RAW DATA Start Marker

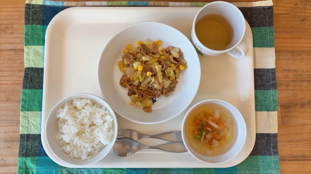 今日のメニュー 10月28日(火) ごはん 豚肉のカレー炒め たっぷり野菜とベーコンのスープ 豚肉のカレー炒めは塩分を抑えながらも、カレーの風味が効いていてご飯がよくすすみます。りすぐみさんも「あーんっ!」と大きな口をあけて食べる、かっこいい姿を見せてくれました。キャベツや玉ねぎもカレー味になっていると食べやすく、ぴかぴかに食べてくれていました。 おやつ ツナマカロニ 今日のメニュー 前の記事 今日のメニュー 次の記事
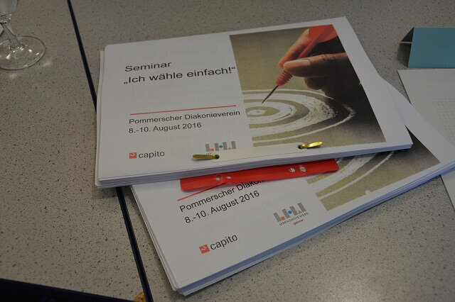 Vom 8. bis 10. August wurde in Züssow für alle Interessierten das mehrtätiges Seminar „Ich wähle einfach!“ angeboten. In Hinblick auf die Landtagswahlen im September 2016 in Mecklenburg-Vorpommern sollte das Thema der politischen Bildung – ein Lebensfeld, auf dem auch Menschen mit Behinderungen weiter gestärkt werden sollten, um ihre Rechte als Bürgerinnen und Bürger wahrnehmen zu können – für einige Tage in den Vordergrund rücken. Vor allem Bewohnerinnen und Bewohner bzw. Mitarbeitende der Werkstätten für Menschen mit Behinderung des Pommerschen Diakonievereins nahmen das Angebot gerne wahr.
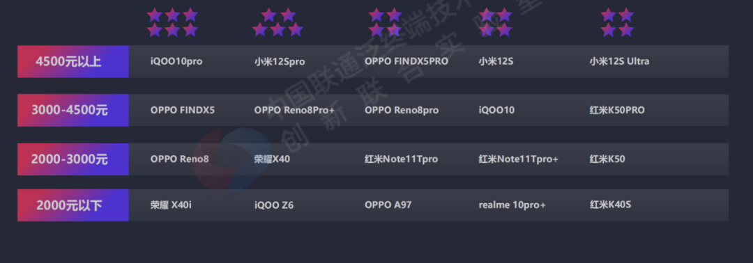 合理的定价+良好的用户体验是决定一款手机产品手机能否热销的关键,本轮评测中,中国联通分4个价位段,两种手机形态选取33款传统手机和3款折叠屏手机进行评测,用消费者的视角,同产业链合作伙伴共同开展端网协同的用户体验优化,共同为消费者提供优质的5G产品和服务。

RAW DATA End Marker

▸ **PROBLEM TO SOLVE**: Copy the data in full. No pictures belong in the copy.

▸ **YOUR RESPONSE**:
 今日のメニュー 10月28日(火) ごはん 豚肉のカレー炒め たっぷり野菜とベーコンのスープ 豚肉のカレー炒めは塩分を抑えながらも、カレーの風味が効いていてご飯がよくすすみます。りすぐみさんも「あーんっ!」と大きな口をあけて食べる、かっこいい姿を見せてくれました。キャベツや玉ねぎもカレー味になっていると食べやすく、ぴかぴかに食べてくれていました。 おやつ ツナマカロニ 今日のメニュー 前の記事 今日のメニュー 次の記事
 Vom 8. bis 10. August wurde in Züssow für alle Interessierten das mehrtätiges Seminar „Ich wähle einfach!“ angeboten. In Hinblick auf die Landtagswahlen im September 2016 in Mecklenburg-Vorpommern sollte das Thema der politischen Bildung – ein Lebensfeld, auf dem auch Menschen mit Behinderungen weiter gestärkt werden sollten, um ihre Rechte als Bürgerinnen und Bürger wahrnehmen zu können – für einige Tage in den Vordergrund rücken. Vor allem Bewohnerinnen und Bewohner bzw. Mitarbeitende der Werkstätten für Menschen mit Behinderung des Pommerschen Diakonievereins nahmen das Angebot gerne wahr.
 合理的定价+良好的用户体验是决定一款手机产品手机能否热销的关键,本轮评测中,中国联通分4个价位段,两种手机形态选取33款传统手机和3款折叠屏手机进行评测,用消费者的视角,同产业链合作伙伴共同开展端网协同的用户体验优化,共同为消费者提供优质的5G产品和服务。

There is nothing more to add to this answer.